Insulating the Ceiling and Walls of an Older Attic
When insulating older attics, the work typically consists of a two-stage process, because the spacing of timber frames may vary quite significantly.
The current regulations require a U value of 0.09 in the roof and 0.17 in the walls. As the cell structure of FINNFOAM is completely consistent, detrimental air leakage cannot occur inside the panels and the warm air can rise upward. If the seams are also sealed using a flexible PU foam sealant, the entire structure will become continuous and leak-proof. This means that heat can only be transferred through conduction and radiation instead of air leakage. Radiation has a limited effect in regular room temperature. Most of the heat is therefore transferred through conduction, which is not affected by gravity and thus conduction occurs equally through the walls and the roof. This is why it is reasonable to use the same thickness of insulation in the walls and the roof.
The U value of the insulation described below would be around 0.19–0.20 depending on the density of the timber frames. In a wall, 130 mm of insulation would be enough to meet the U value of 0.25 based on the regulations, but you would need approximately 250 mm of insulation in the roof to reach the required U value of 0.16. However, you can compensate for the “insulation deficit” (-40 mm) in the roof by increasing the thickness of insulation in the walls beyond the required amount (+40 mm). The payback period of the 40 mm of “excessive” insulation in the walls is considerably shorter than it would be for adding a corresponding amount of insulation to the roof (170 mm + 40 mm = 210 mm).
A U value does not represent the whole truth of the insulation capacity of a structure.
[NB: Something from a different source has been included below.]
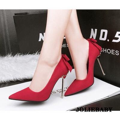 【3日以内出荷】レディース美脚 パンプス ハイヒール ピンヒール リボン おしゃれ カジュアル 結婚式 二次会 お呼ばれ 4色
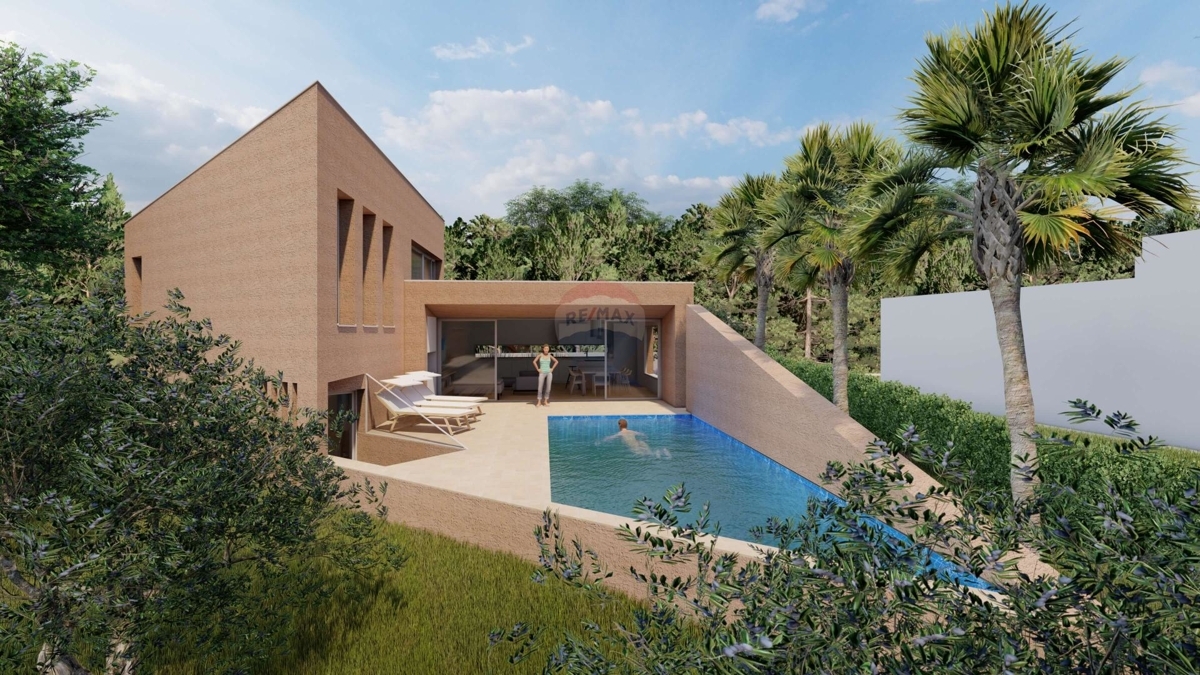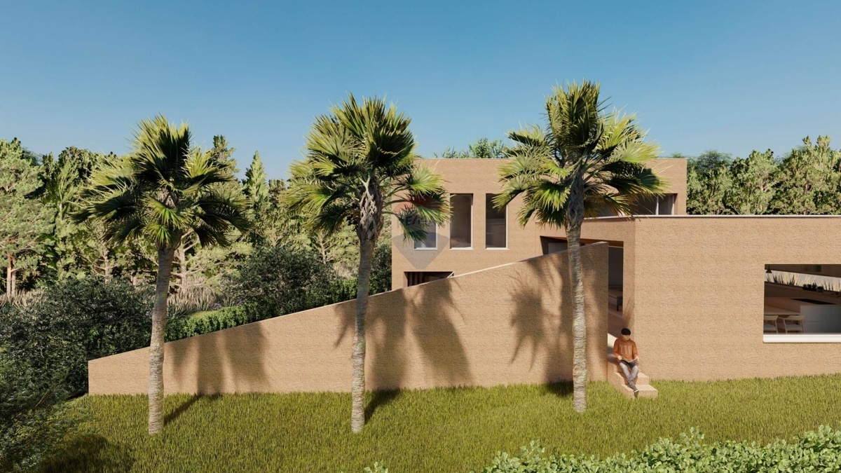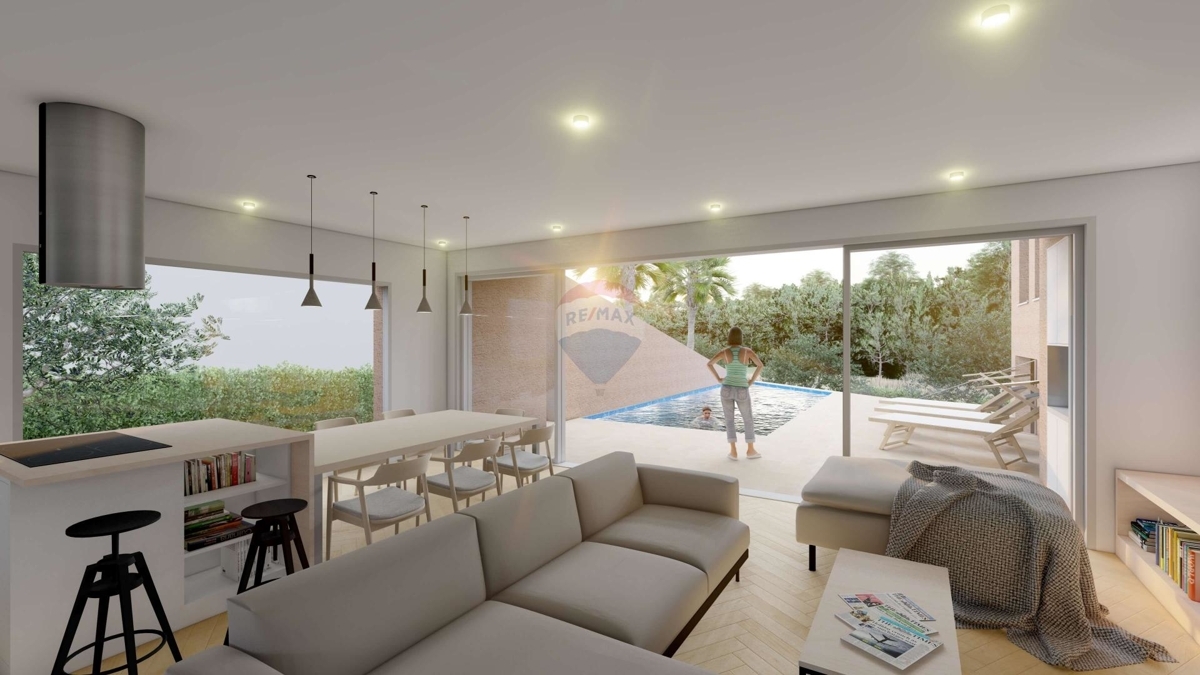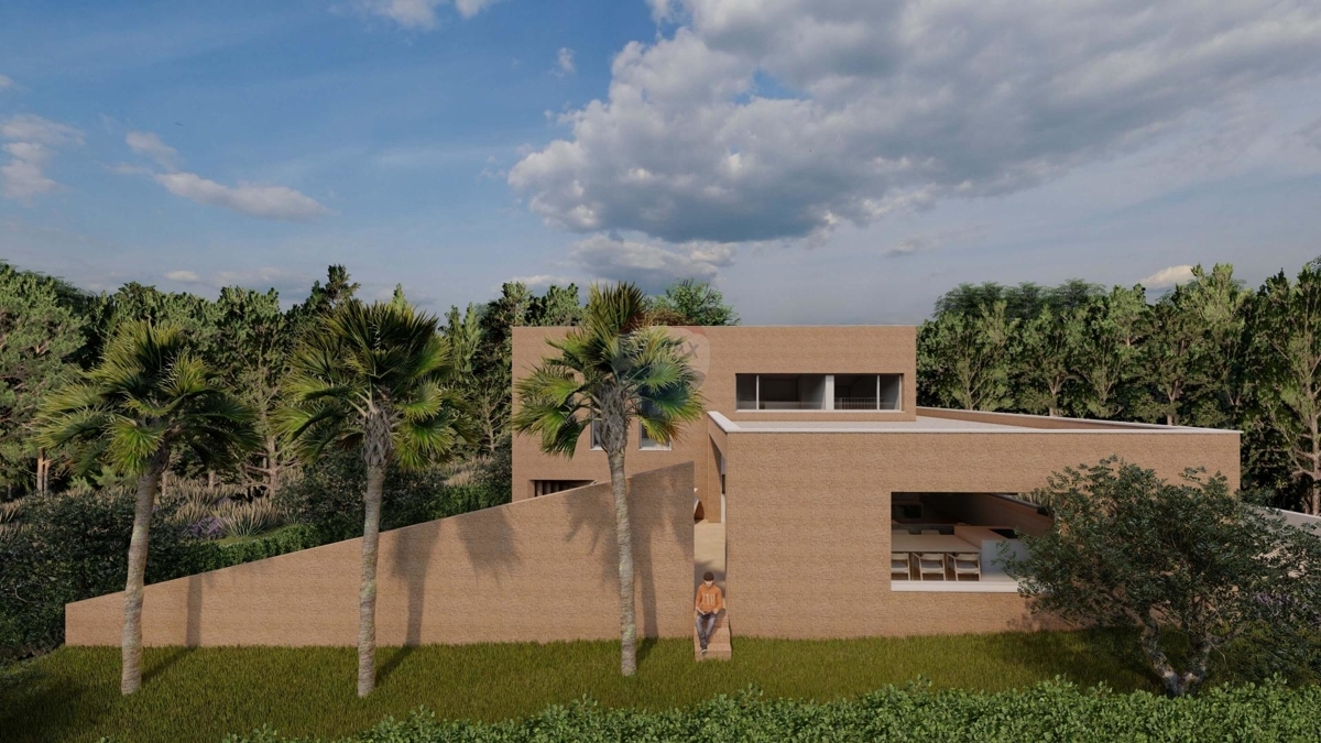 Im Erdgeschoss dominiert ein offener Wohn-Ess-Bereich mit Küche und direktem Ausgang zur überdachten Terrasse. Hier befinden sich zwei Schlafzimmer, ein Badezimmer und ein Gäste-WC.

The structure’s leakage rate (n50) is almost as important. Today, the average leakage rate for timber framed houses is 4. The leakage rate can be reduced to 1 if the structure is airtight. Airtightness will provide the same reduction in the building’s energy consumption as would be achieved with approximately 25% of supplementary thermal insulation – by lowering the U value.
STAGE 1 – INSTALLING FINNFOAM BETWEEN THE ROOF TRUSSES
Cut a piece of FINNFOAM that is approximately 1–2 cm shorter than the space into which it is installed. Use tapered pieces of FINNFOAM, for example, to wedge the panel in between the roof trusses such that its lower surface is level with the trusses. Leave a ventilation gap of a least 50 mm in between FINNFOAM and the roof-covering. You can also install more than one layer of panels in between the roof trusses.
STAGE 2 – SEALING THE JOINTS WITH PU FOAM SEALANT
Apply a decent amount of PU foam sealant (polyurethane) in between the roof truss and FINNFOAM. We also recommend applying a small amount of foam sealant to the vertical seams between panels. Once the sealant has hardened, cut off any excess foam on the inside surface and remove the FINNFOAM wedges.
STAGE 3 – INSTALLING INSULATION BELOW THE ROOF TRUSSES
Construct a continuous layer of insulation below the roof trusses (we recommend using rabbet profile panels for tighter seams), thus minimizing thermal bridging. The FINNFOAM panels may be secured lightly to the FINNFOAM above with screws. Apply a small amount of foam sealant to each seam and lay the next panels down immediately before the foam hardens. Mark the locations of the roof trusses on the surface of the FINNFOAM panels.
STAGE 4 – SECURING THE INSULATION PERMANENTLY
The continuous interior layer of FINNFOAM insulation is fixed permanently in place with board and long screws secured to the roof trusses. You can remove the temporary attachment screws as the work progresses and reuse them for the permanent attachment. Apply a small amount of the foam sealant to the holes left over from the temporary attachment.
STAGE 5 – INTERIOR CLADDING AND ELECTRICAL WIRING
Secure the interior cladding to the boards, which could, for example, consist of wood paneling. You can also secure gypsum boards, but if the board spacing is approximately 900 mm, you should fix the boards with a tighter spacing (450 mm). Otherwise, there is a risk that the gypsum boards begin to sag in the middle. In this case you will need an additional board that may be fixed to the FINNFOAM using an adhesive and/or coarse thread screws. Even a coarse thread screw will hold fast onto FINNFOAM and easily provides more than 20 kg of pulling resistance. However, the actual support for the interior cladding is provided by the boards that are connected to the roof trusses. A small amount of clearance is left between the interior cladding and FINNFOAM, which also provides some insulation and provides an excellent space for hiding electrical wiring, etc.